On this, Circuit Judge Jerry E. Smith said:

"We hold that it does not. The law school has presented no compelling justification, under the Fourteenth Amendment or Supreme Court precedent, that allows it to continue to elevate some races over others, even for the wholesome purpose of correcting perceived racial imbalance in the student body. "Racial preferences appear to 'even the score' ...only if one embraces the proposition that our society is appropriately viewed as divided into races, making it right that an injustice rendered in the past to a black man should be compensated for by discriminating against a white."

This ruling sent waves of shock throughout Texas and prompted several demonstrations within days of the ruling.

The state of Texas has vowed to send the matter to the United States Supreme Court; but in light of recent ruling by the Supreme Court, it is very likely it may be upheld.

The recent rulings by the United States Supreme Court include the upholding of a ban by the University of Maryland on scholarships for blacks only.

This was an important ruling because it acknowledges what experts such as Yale Law School professor, Stephen L. Carter, have been saying: ``What has happened in black America in the era of affirmative action is this: middle-class black people are better off and lower-class black people are worse off.''

Some critics of affirmative action are pushing for helping all low-class people regardless of color. And this makes sense because a middle-class black person may not need help as much as a lower-class white person does.

As Paul Kamenar, of the Washington Legal Foundation, said, ``Why not give it to the white son or daughter of the coal miner in western Virginia instead of the son or daughter of the black doctor who doesn't need a scholarship?''

Critics of these rulings argue that there is no such thing as reverse discrimination. Their point is that for a situation of reverse discrimination to occur everyone must be on an equal level, which it is apparent that blacks are not.

Ruben Navarrette, Jr., pointed this fact out in his essay "Is It Reverse Discrimination?" when he wrote, "We have not ended the suffering of our old victims."

But, less than five paragraphs back in the same essay Ruben wrote: "My white classmates, many of them with grades not as good as mine and reeling from rejections by the schools that were admitting me, were far more direct. "Now, you know if you hadn't been a Mexican...""
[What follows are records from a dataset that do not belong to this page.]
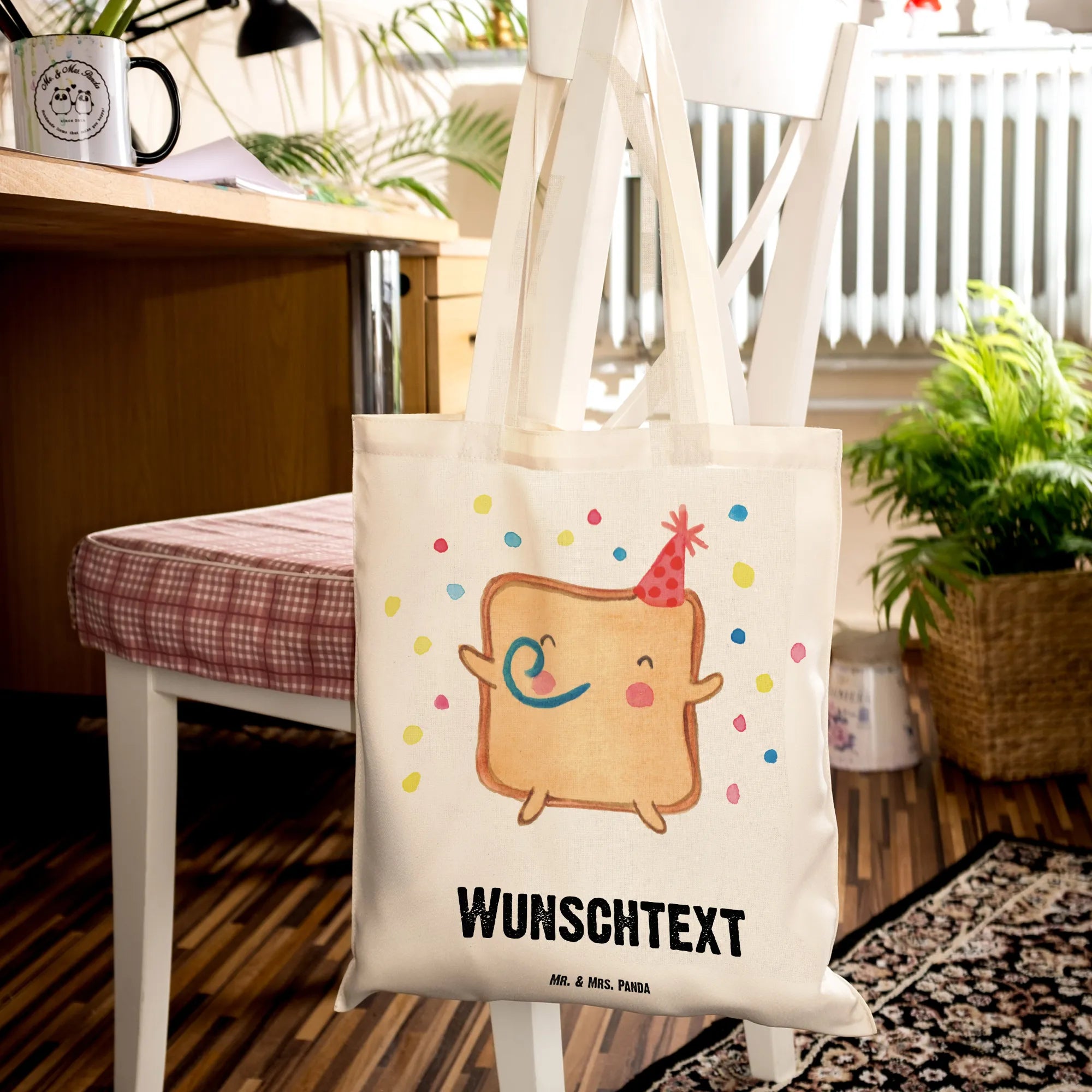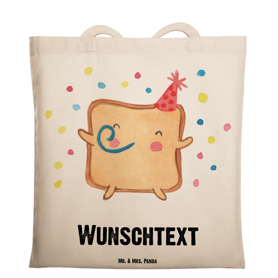 Diese wunderbare Tasche aus 100% Baumwolle bietet nicht nur ausreichend Platz für all deine Einkäufe, sondern sorgt auch dafür, dass du deiner kreativen Ader freien Lauf lassen kannst, indem du sie mit einem Namen oder Wunschtext personalisieren lässt. Das fröhliche Design zeigt einen lächelnden Toast mit einem Partyhut, umgeben von bunten Konfetti-Punkten, und bringt garantiert eine fröhliche Stimmung in jeden Tag!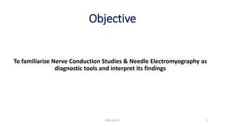 This document provides an overview of electromyography (EMG) and nerve conduction velocity (NCV) studies as diagnostic tools for neuromuscular diseases. It covers the objectives, types of tests, instrumentation, procedures, clinical interpretations, and limitations associated with EMG and NCV. The findings from these studies are essential for developing appropriate physiotherapy interventions based on the severity and type of neuromusculoskeletal injuries.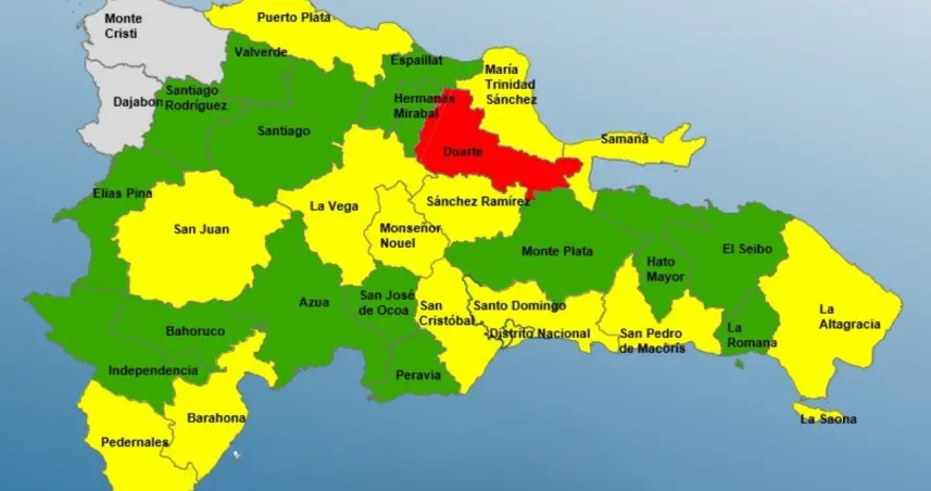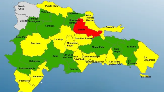 Mientras que en amarilla están: Puerto Plata, Samaná, San Cristóbal, Barahona, María Trinidad Sánchez, San Juan, La Altagracia, Distrito Nacional, Prov. Santo Domingo, San Pedro de Macorís, La Vega, Sánchez Ramírez, Monseñor Nouel, Pedernales. Y en alerta Roja se encuentra la provincia Duarte (En Especial el bajo Yuna).

This clearly demonstrates the need for and end to race-preference programs in colleges; if Ruben had better grades than his fellow classmates, a race-preference program was not needed.

The fact is, it should be insulting for a member of minority to be told they need special treatment.

Instead of engaging in race-preference programs, colleges should focus on rewarding the individuals who work hardest.

Indeed, a system that fails to reward hard work runs the risk of degrading the entire system, and it is quite clear that race-preference programs reward people for something other than hard work.